Attempting to run the CakeML CI test sequence (a 2-3 day process) on any Poly/ML version newer than 5.7 frequently results in out of memory errors. The probability of any given test failing is low and seems very sensitive to environmental factors, and I am still trying to reliably reproduce the failure in any setting, but I have managed to generate --debug gc --debug heapsize logs from failures (attached). The log file is from v5.8.1 but I have seen the issue on several different HEAD revisions over the past month.
The "Run out of store - interrupting threads" message in the middle of a block of GC output makes me suspect a race condition but otherwise I have little to go on here. Any advice would be appreciated. I'll update if I find anything.
The machine has 256GB installed and I generally run tests with --maxheap 75000, so a failure with a heap size of only 2GB is quite odd.
-s
I've had a look at the log and it definitely is odd. I wonder if it is attempting to allocate a very large object (cell) on the heap due to a bug somewhere. Allocating a very large vector or array would cause this. Probably the only way to find out would be to force a core dump.
David
On 26/09/2020 17:00, Stefan O'Rear wrote:
Attempting to run the CakeML CI test sequence (a 2-3 day process) on any Poly/ML version newer than 5.7 frequently results in out of memory errors. The probability of any given test failing is low and seems very sensitive to environmental factors, and I am still trying to reliably reproduce the failure in any setting, but I have managed to generate --debug gc --debug heapsize logs from failures (attached). The log file is from v5.8.1 but I have seen the issue on several different HEAD revisions over the past month.

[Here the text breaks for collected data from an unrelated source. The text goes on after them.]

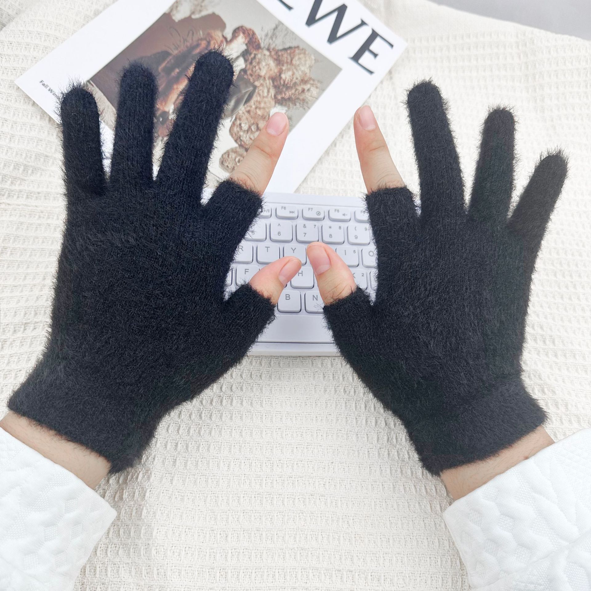 두 손가락 따뜻한 장갑 가을, 겨울 학생 장갑 쓰기 및 사이클링 핑거리스 장갑 솔리드 컬러 터치 스크린 모조 밍크 장갑스토어 가기
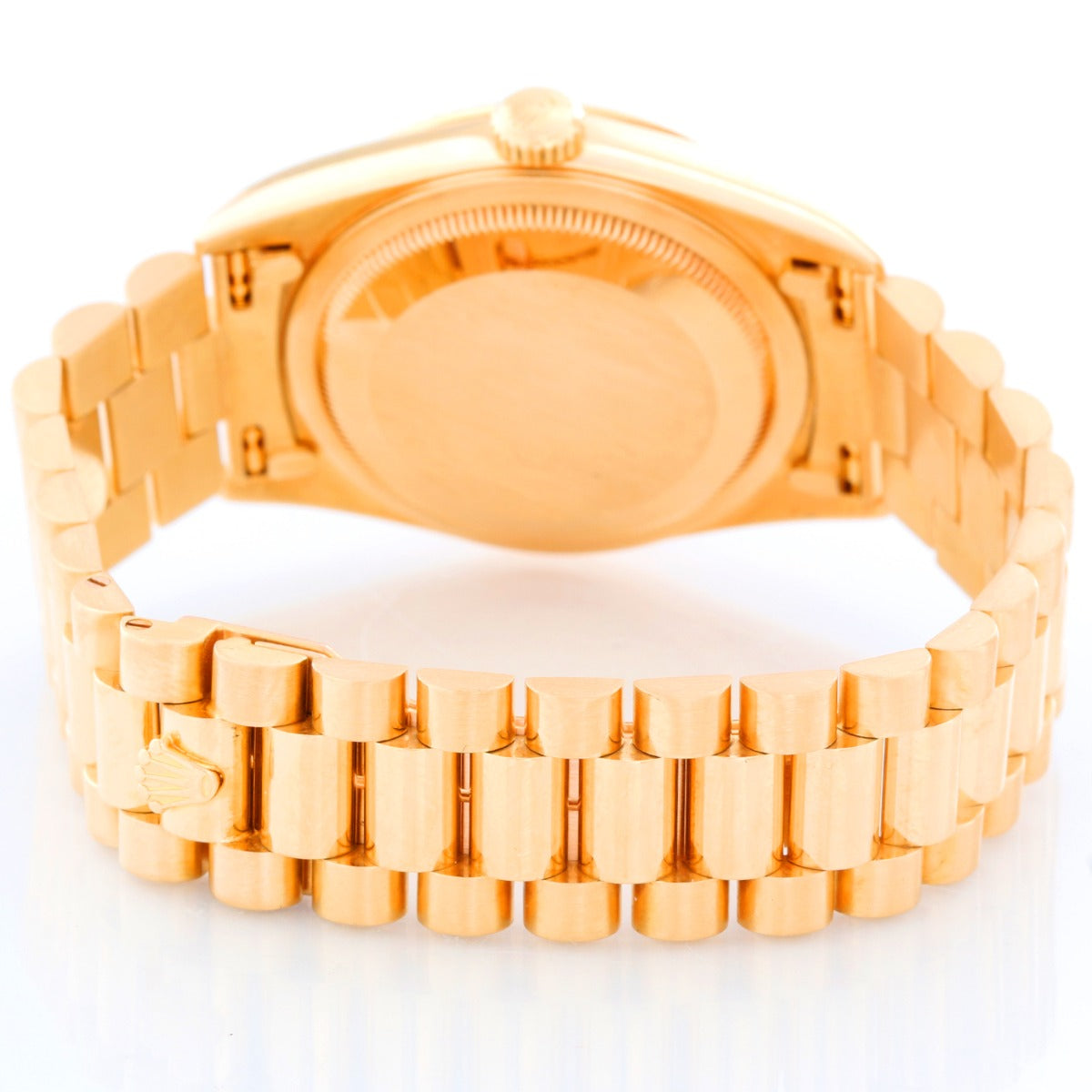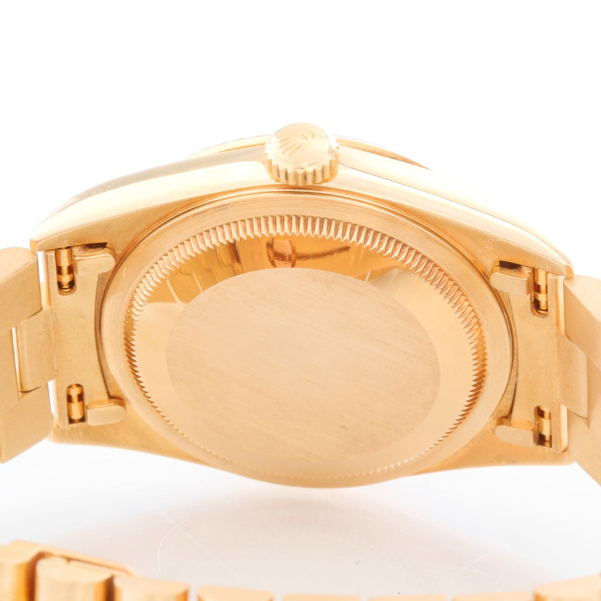 Men's Rolex President Day-Date Watch 18238 Automatic winding. 18k yellow gold case with fluted bezel (36mm diameter). Champagne dial with gold Roman numerals. Sapphire crystal. 18k yellow gold President Day-Date bracelet. Pre-owned with Rolex box and books.
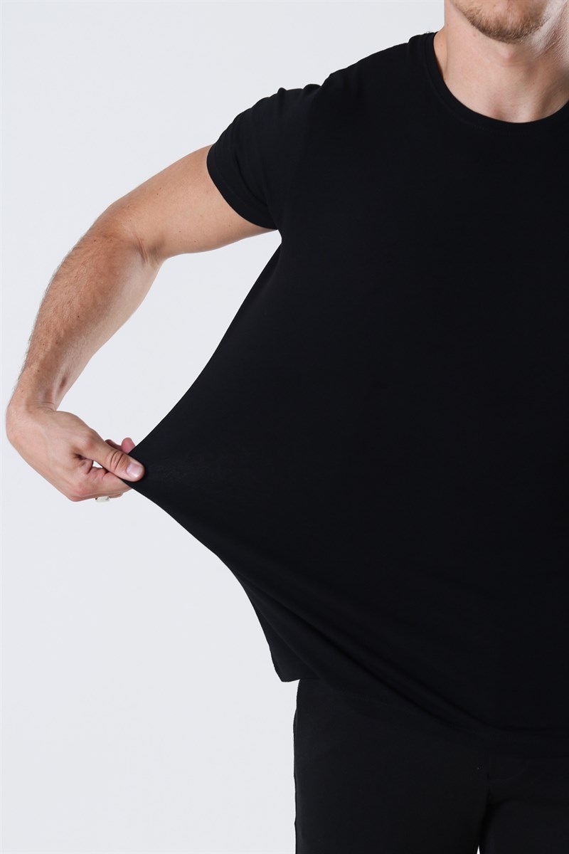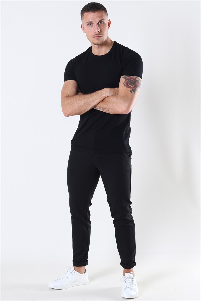 Denne Muscle fit t-shirt i farven Black har en fantastisk pasform, som er designet til at fremhæve musklerne. Den er lavet med 4-vejs stretch, hvilket giver en øget fleksibilitet og bevægelsesfrihed. T-shirten er derfor ideel til træning, da den ikke hæmmer bevægelse og samtidig fremhæver den muskulære fysik. Den kan dog også sagtens bruges til hverdagsbrug

The "Run out of store - interrupting threads" message in the middle of a block of GC output makes me suspect a race condition but otherwise I have little to go on here. Any advice would be appreciated. I'll update if I find anything.

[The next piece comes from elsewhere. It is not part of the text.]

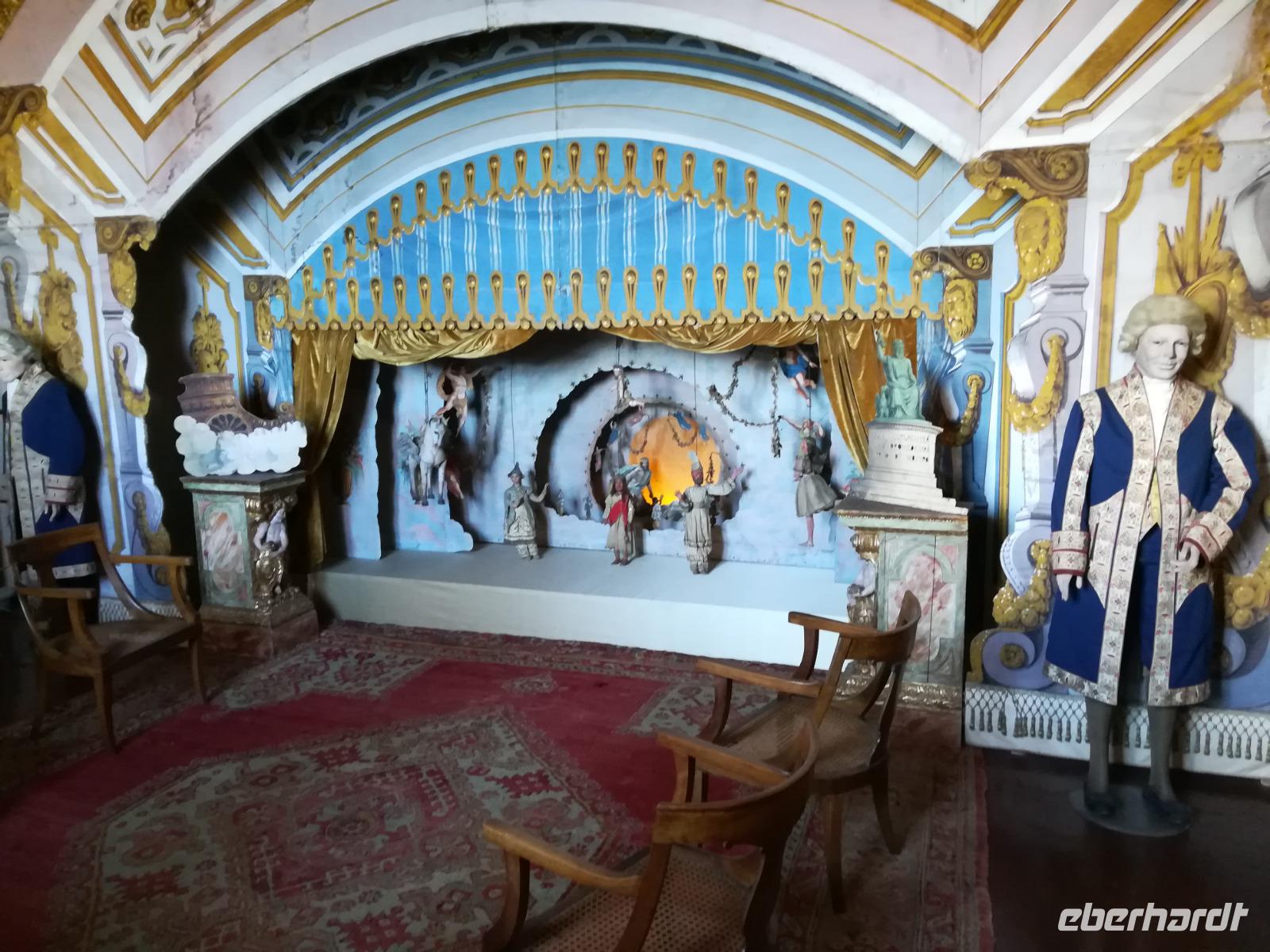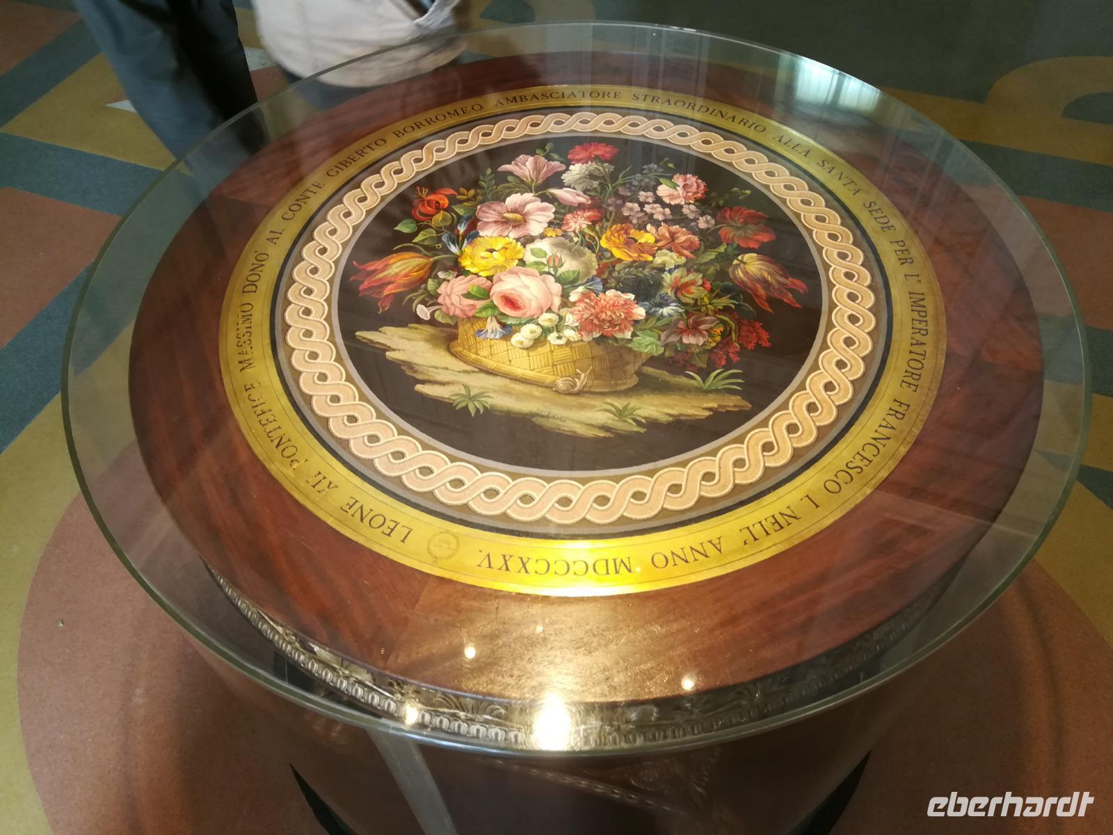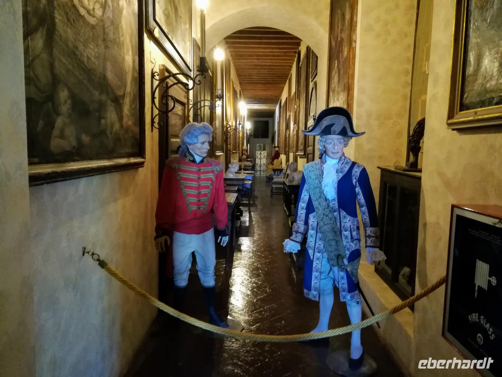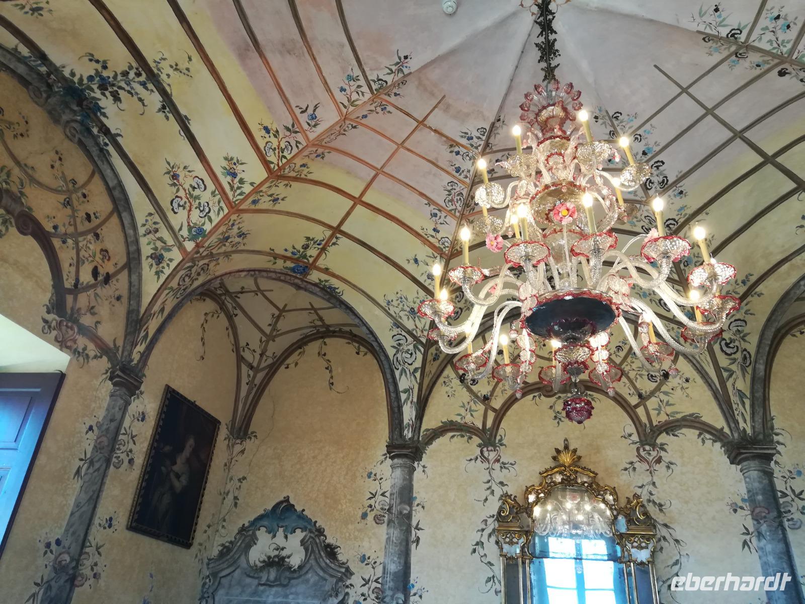 Einer großartigen Führung durch den barocken Palast schließt sich dann für unsere Gäste der Besuch des Gartens an, einer italienischen barocken Gartenanlage mit botanischen Kostbarkeiten und Sculpturen. Gleich zu Beginn beeindruckt ein 200 Jahre alter Kampferbaum, der durch Seilverspannungen am Leben gehalten wird.

The machine has 256GB installed and I generally run tests with --maxheap 75000, so a failure with a heap size of only 2GB is quite odd.
-s
polyml mailing list polyml at inf.ed.ac.uk http://lists.inf.ed.ac.uk/mailman/listinfo/polyml
On Tue, Sep 29, 2020, at 10:00 AM, David Matthews wrote:
I've had a look at the log and it definitely is odd. I wonder if it is attempting to allocate a very large object (cell) on the heap due to a bug somewhere. Allocating a very large vector or array would cause this. Probably the only way to find out would be to force a core dump.

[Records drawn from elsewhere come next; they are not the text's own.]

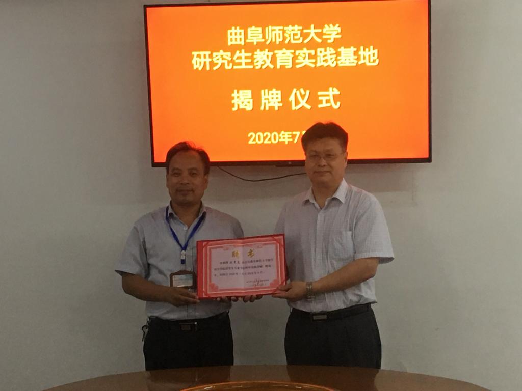 研究生教育实践基地揭牌仪式在曲阜市杏坛中学举行。杏坛中学校长胡滨及聘任的研究生指导教师,足球资讯网
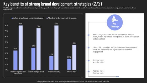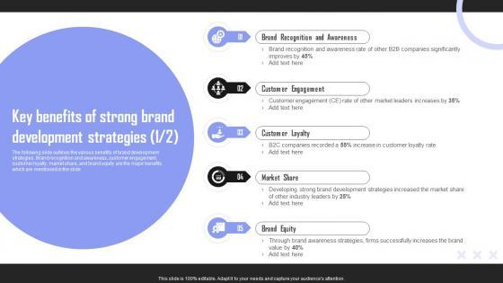 The following slide outlines the various benefits of brand development strategies. Brand recognition and awareness, customer engagement, customer loyalty, market share, and brand equity are the major benefits which are mentioned in the slide. Coming up with a presentation necessitates that the majority of the effort goes into the content and the message you intend to convey. The visuals of a PowerPoint presentation can only be effective if it supplements and supports the story that is being told. Keeping this in mind our experts created Key Benefits Of Strong Brand Building Techniques To Gain Competitive Edge Information Pdf to reduce the time that goes into designing the presentation. This way, you can concentrate on the message while our designers take care of providing you with the right template for the situation. The following slide outlines the various benefits of brand development strategies. Brand recognition and awareness, customer engagement, customer loyalty, market share, and brand equity are the major benefits which are mentioned in the slide.
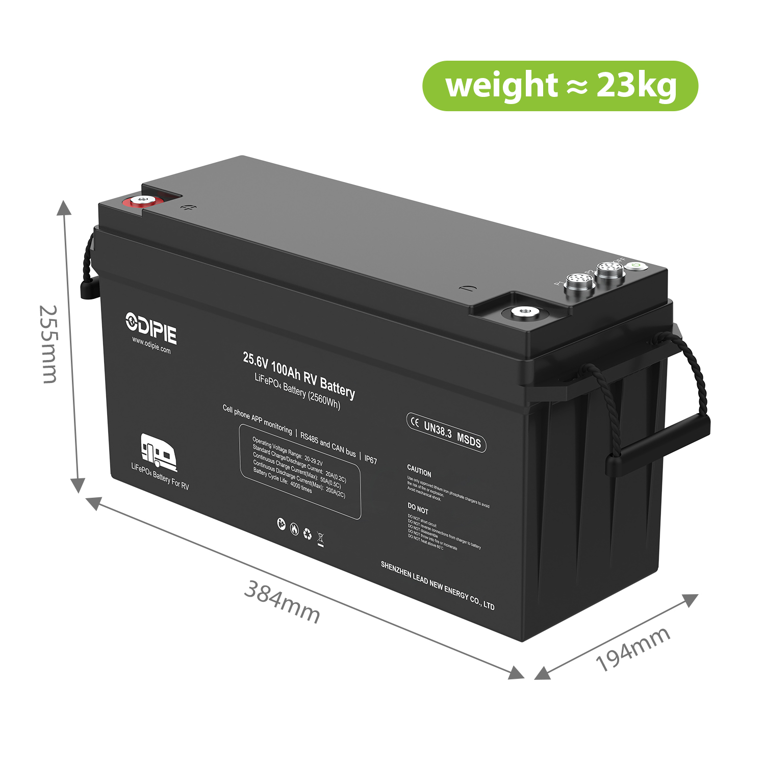 Energy Density: 25.6V 100Ah Odipie LiFePO4 battery delivers 2560 Wh from only 22kg—smaller footprint than two 12V 100Ah in series, cutting freight & install cost.
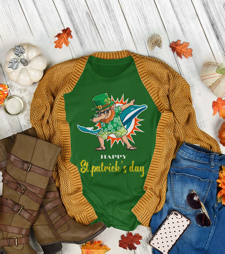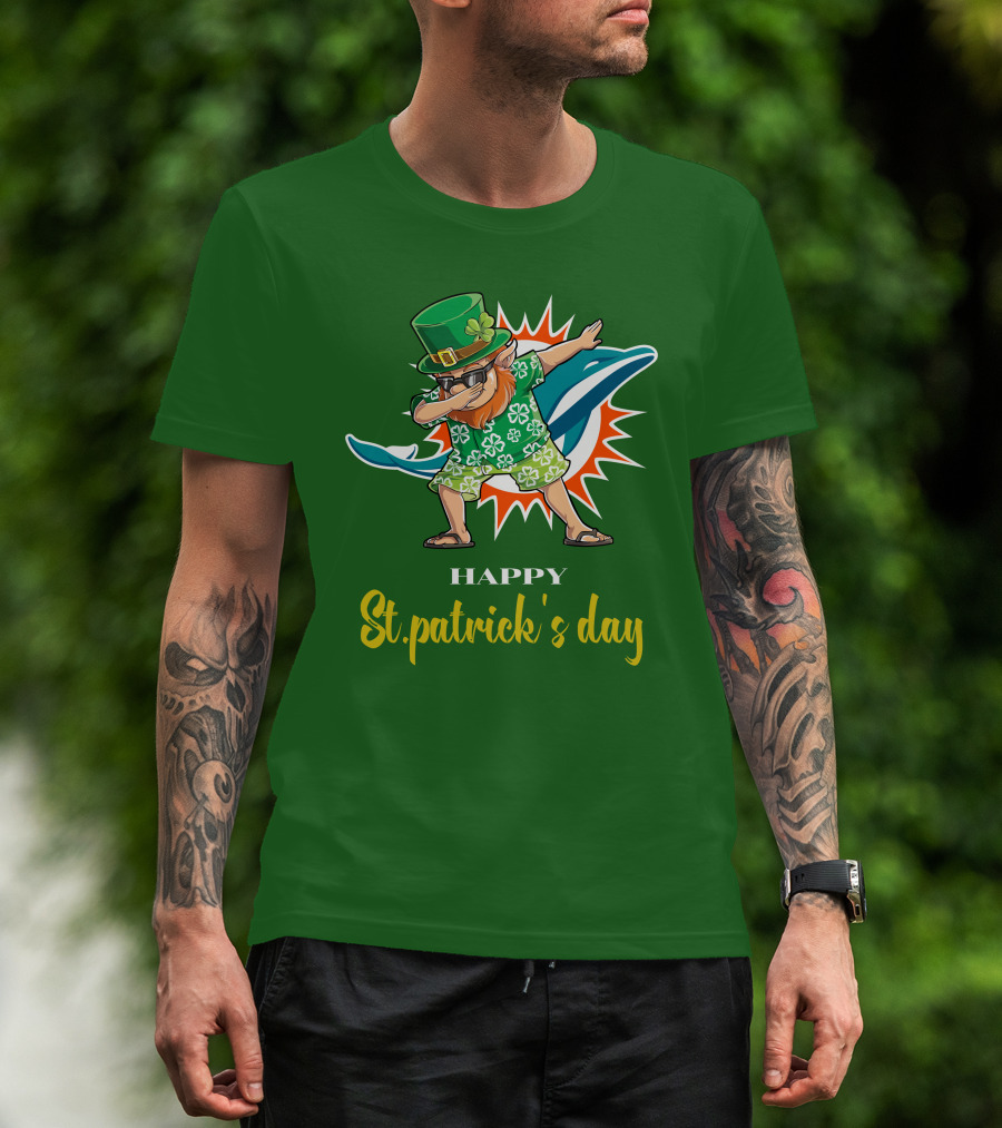 Happy St. Patrick's Day Miami Dolphins Dabbing Leprechaun T-Shirt

Forcing a core dump turned out to be a poor choice since gdb needs to be able to call functions to examine C++ objects. After replacing the abort() with a sleep(999999) I was able to attach to a process in the problematic state and have found:
* This is immediately after a full GC which failed to completely evacuate the allocation spaces because non-allocation spaces were full. (I am not sure if this is intended to be possible?) * wordsRequiredToAllocate = 864471. This is a large vector or array, but not unreasonably so given the heap limit, and I think ML vectors with less than a million elements should be supported. * There are 467 allocation spaces, none with freeSpace larger than 130512 words. (This seems like a consequence of defaultSpaceSize). * currentAllocSpace = 61210624, spaceBeforeMinorGC = 22074672, so AllocHeapSpace refuses to create a new allocation space. * highWaterMark = 177949696, currentHeapSize = 139361280, spaceForHeap = 355793852
So far I have not managed to reproduce the currentAllocSpace > spaceBeforeMinorGC after a full GC condition under controlled conditions. I am currently attempting several runs of the flaky program with the attached patch applied and will update for the results, although I suspect this does not address the root cause.
-s
On Sat, Oct 3, 2020, at 11:15 AM, Stefan O'Rear wrote:
controlled conditions. I am currently attempting several runs of the flaky program with the attached patch applied and will update for the results, although I suspect this does not address the root cause.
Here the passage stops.